Ратищевъ провелъ рукой по лицу, опустилъ голову и быстро пошелъ домой.

Чувство одиночества, бездомности и тяжелой, безцѣльной жизни давило его со всѣхъ сторонъ.

Въ это время въ умѣ и сердцѣ Кати тоже бушевала буря.

Маленькая книжечка раскрыла передъ ней безконечный рядъ вопросовъ. Легендарный міръ, дѣтскія упованія, беззавѣтная вѣра въ силу и правду преданія — все, казалось, становилось обманчивымъ туманомъ и тихо расплывалось неосязаемое, неуловимое…

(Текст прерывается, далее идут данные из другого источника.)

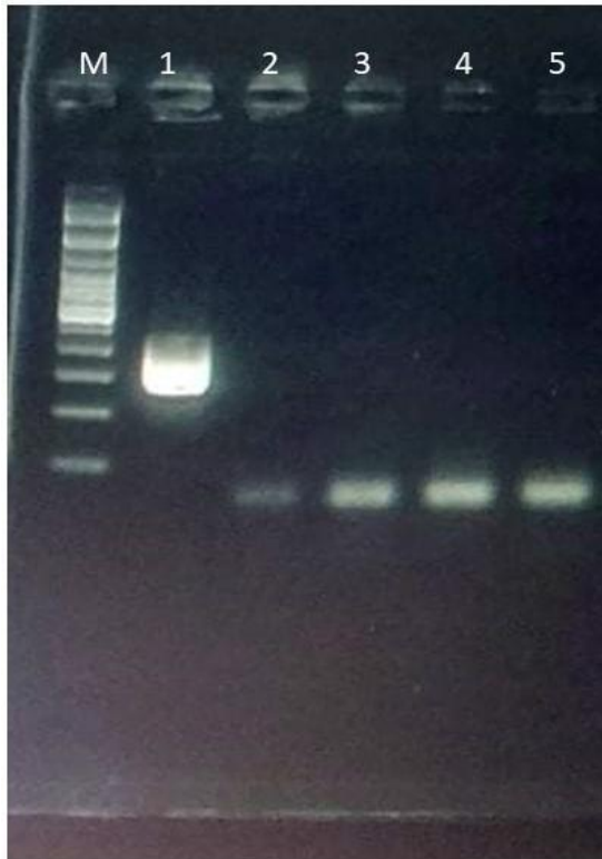
Figure 1. Agarose gel image showing amplified product of aerA gene at 232 bp. Lane M = 100 bp Marker, lane 1 = positive control, lanes 2-4 = isolate 1-3, lane 5 = negative control

Out of 257 isolates, only the positive control isolate showed a band for the aerA gene amplification (Figure 1). The aerA gene fragment produced 232 bp amplicon. The touchdown PCR assay showed no unspecific bands. The result of the assay was used as the basis for the specificity of the LAMP assay by comparing the result of both assays.

«Что же такое истина?… Что добро?… Для чего же жить?» — спрашивала она, съ отчаяньемъ ломая холодныя руки и быстро пробѣгая по аллейкамъ ликующаго сада.

— Катя! — говорила Марья Петровна, — да брось ты, голубка, думать-то… Посмотри: похудѣла, поблѣднѣла… Ничего не ѣшь!…

— Ахъ, оставьте меня! Ради Бога, оставьте меня! --умоляла она и забивалась въ самую глушь сада, въ маленькую бесѣдку изъ акацій, въ которой было темно и сыро.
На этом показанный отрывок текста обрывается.